#### WORK ORDER
Nothing but the records themselves, exactly as written and free of pictures, should appear in your response.

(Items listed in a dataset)
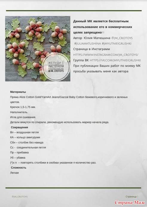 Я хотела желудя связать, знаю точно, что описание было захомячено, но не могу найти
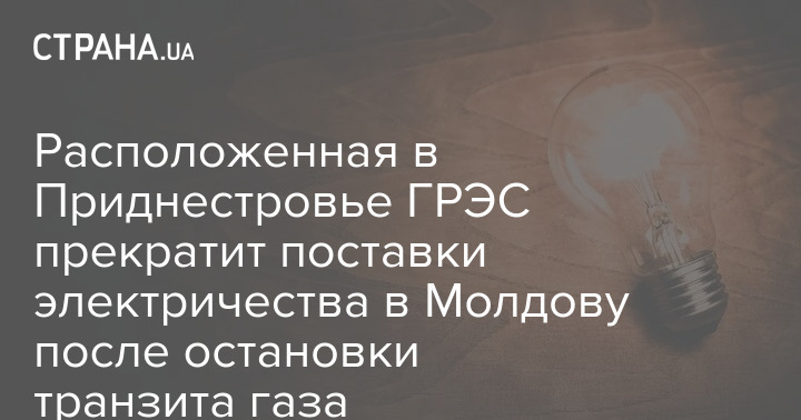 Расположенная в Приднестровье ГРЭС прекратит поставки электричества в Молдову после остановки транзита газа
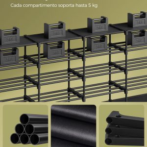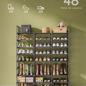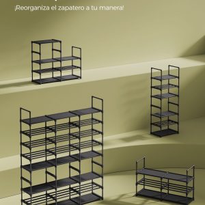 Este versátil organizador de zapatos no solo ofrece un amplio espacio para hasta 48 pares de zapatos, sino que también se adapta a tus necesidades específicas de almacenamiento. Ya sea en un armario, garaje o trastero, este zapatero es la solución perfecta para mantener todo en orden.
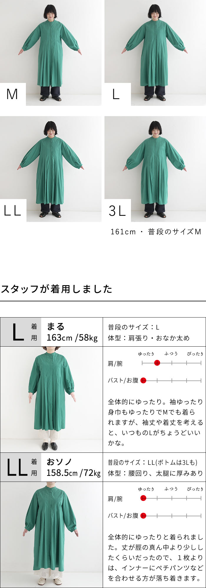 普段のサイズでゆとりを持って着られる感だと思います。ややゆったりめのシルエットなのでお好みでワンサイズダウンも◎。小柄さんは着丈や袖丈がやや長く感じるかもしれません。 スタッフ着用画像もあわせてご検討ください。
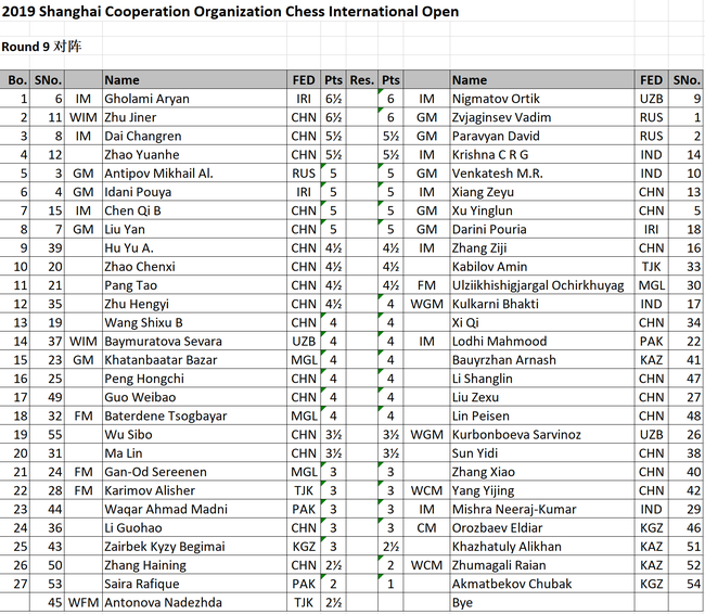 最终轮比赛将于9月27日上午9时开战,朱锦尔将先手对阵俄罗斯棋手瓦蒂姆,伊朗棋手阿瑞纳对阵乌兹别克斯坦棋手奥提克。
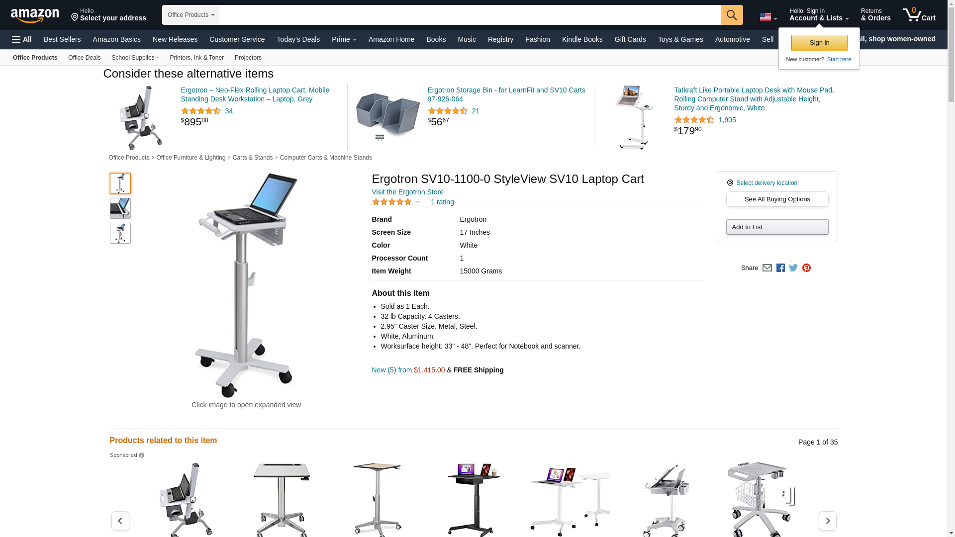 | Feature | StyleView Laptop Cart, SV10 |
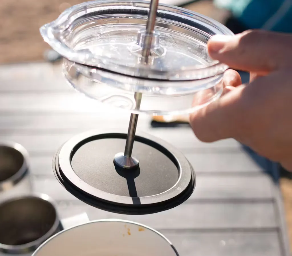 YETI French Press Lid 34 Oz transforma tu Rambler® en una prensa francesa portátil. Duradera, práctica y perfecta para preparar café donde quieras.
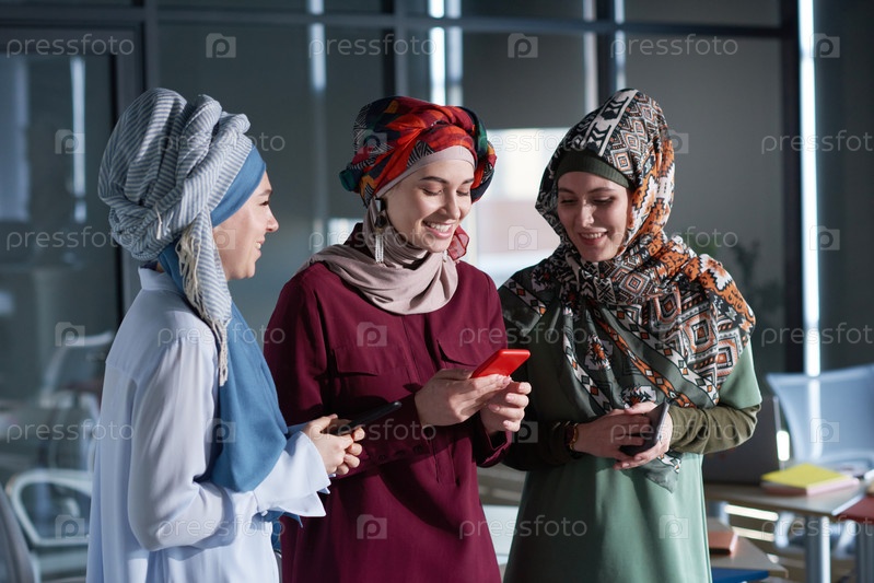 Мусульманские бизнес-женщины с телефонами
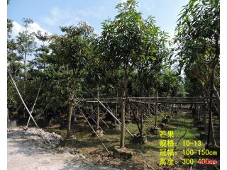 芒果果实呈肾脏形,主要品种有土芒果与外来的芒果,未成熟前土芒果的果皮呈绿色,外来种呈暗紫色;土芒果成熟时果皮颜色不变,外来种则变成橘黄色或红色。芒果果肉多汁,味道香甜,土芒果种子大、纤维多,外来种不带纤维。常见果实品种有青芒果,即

#### ANSWER
 Я хотела желудя связать, знаю точно, что описание было захомячено, но не могу найти
 Расположенная в Приднестровье ГРЭС прекратит поставки электричества в Молдову после остановки транзита газа
 Este versátil organizador de zapatos no solo ofrece un amplio espacio para hasta 48 pares de zapatos, sino que también se adapta a tus necesidades específicas de almacenamiento. Ya sea en un armario, garaje o trastero, este zapatero es la solución perfecta para mantener todo en orden.
 普段のサイズでゆとりを持って着られる感だと思います。ややゆったりめのシルエットなのでお好みでワンサイズダウンも◎。小柄さんは着丈や袖丈がやや長く感じるかもしれません。 スタッフ着用画像もあわせてご検討ください。
 最终轮比赛将于9月27日上午9时开战,朱锦尔将先手对阵俄罗斯棋手瓦蒂姆,伊朗棋手阿瑞纳对阵乌兹别克斯坦棋手奥提克。
 | Feature | StyleView Laptop Cart, SV10 |
 YETI French Press Lid 34 Oz transforma tu Rambler® en una prensa francesa portátil. Duradera, práctica y perfecta para preparar café donde quieras.
 Мусульманские бизнес-женщины с телефонами
 芒果果实呈肾脏形,主要品种有土芒果与外来的芒果,未成熟前土芒果的果皮呈绿色,外来种呈暗紫色;土芒果成熟时果皮颜色不变,外来种则变成橘黄色或红色。芒果果肉多汁,味道香甜,土芒果种子大、纤维多,外来种不带纤维。常见果实品种有青芒果,即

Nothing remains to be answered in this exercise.